Las rodillas de Mario están a punto de ceder también. Le duelen. Le duelen muchísimo. Pero tiene que soportarlo como sea.
—¡Voy a intentarlo!
—Vale. ¡Ánimo! ¡Confío en ti!
La chica se muerde los labios. Toma aire y lo expulsa de golpe. No puede meter más veces la pata. Necesita acertar. Por los dos.
Decidida, hace fuerza con la pierna derecha arrastrando su pie por el suelo arenoso. Es un segundo eterno. Está muerta de miedo, pero no duda y, utilizando a Mario de palanca, consigue ponerse en pie de nuevo. El joven, que le sirve de ancla, grita de dolor del tremendo esfuerzo para que Diana no se caiga.

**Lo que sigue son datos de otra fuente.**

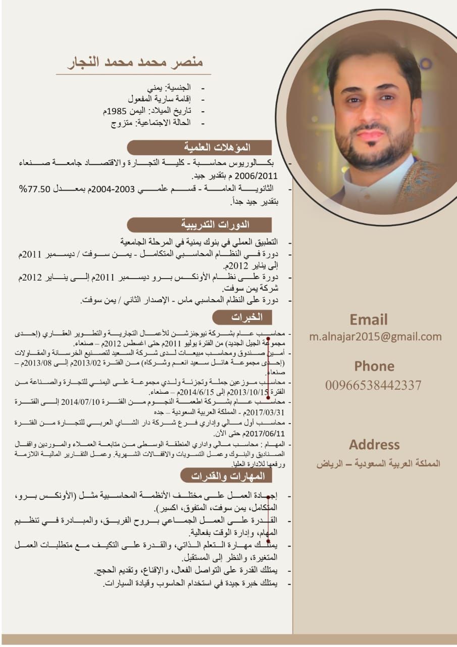 محاسب عام (أول) يمني الجنسية إقامة سارية للعمل الفوري ابحث على فرصة عمل بدوام كامل ببيئة عمل منتظمة وادارية بكالوريوس محاسبه تخرج 2010 - 2011 خبرة عمل في المجال 15 سنة منها 10 سنوات بالمملكة أكثر من دورة في الأنظمة المحاسبية وكذلك شهادة السوكبا. اجادة العمل على المايكروسوفت وايظا اعداد القوائم المالية ومراجعتها وتحليل المركز المالي للشركة متواجد حاليا في الرياض للتواصل
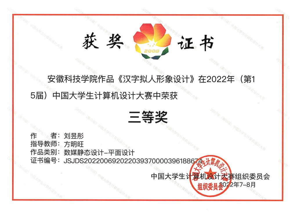 经过两个月激烈的角逐和专家评审,人文学院2支参赛队伍从全国1376支队伍中脱颖而出,李慧、汤佳慧同学的平面设计作品《云端绘中国》荣获二等奖,刘昱彤同学的平面设计作品《汉字拟人形象设计》荣获三等奖。
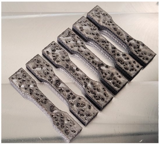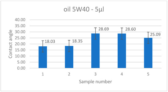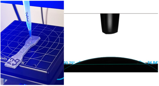 Figure 14 shows an example of the contact angle measurement, and Figure 15 shows the average values of the determined angle for five measurements of 2 mm thick samples, with the models positioned parallel to the 3D printer’s working platform during production.

Finalmente también él mantiene el equilibrio.
—¡Madre mía! ¿Estás bien?
—Sí —susurra.
No se han ido hacia abajo de milagro. Los dos están sudando y temblorosos. Pero han conseguido salvar la caída.
—¿Seguimos? —pregunta Diana, muy preocupada por el chico. Sabe que está sufriendo muchísimo.
—Vale.
La pareja continúa subiendo la rampa de arena. Despacio. De la mano. Débiles. En silencio, concentrados para que no haya más sobresaltos. Solo quieren llegar arriba. No les importa lo que habrá después.
—Estamos llegando —murmura Diana, muy cansada y casi sin fuerzas.
—Shhh. No hables. Terminemos con esto.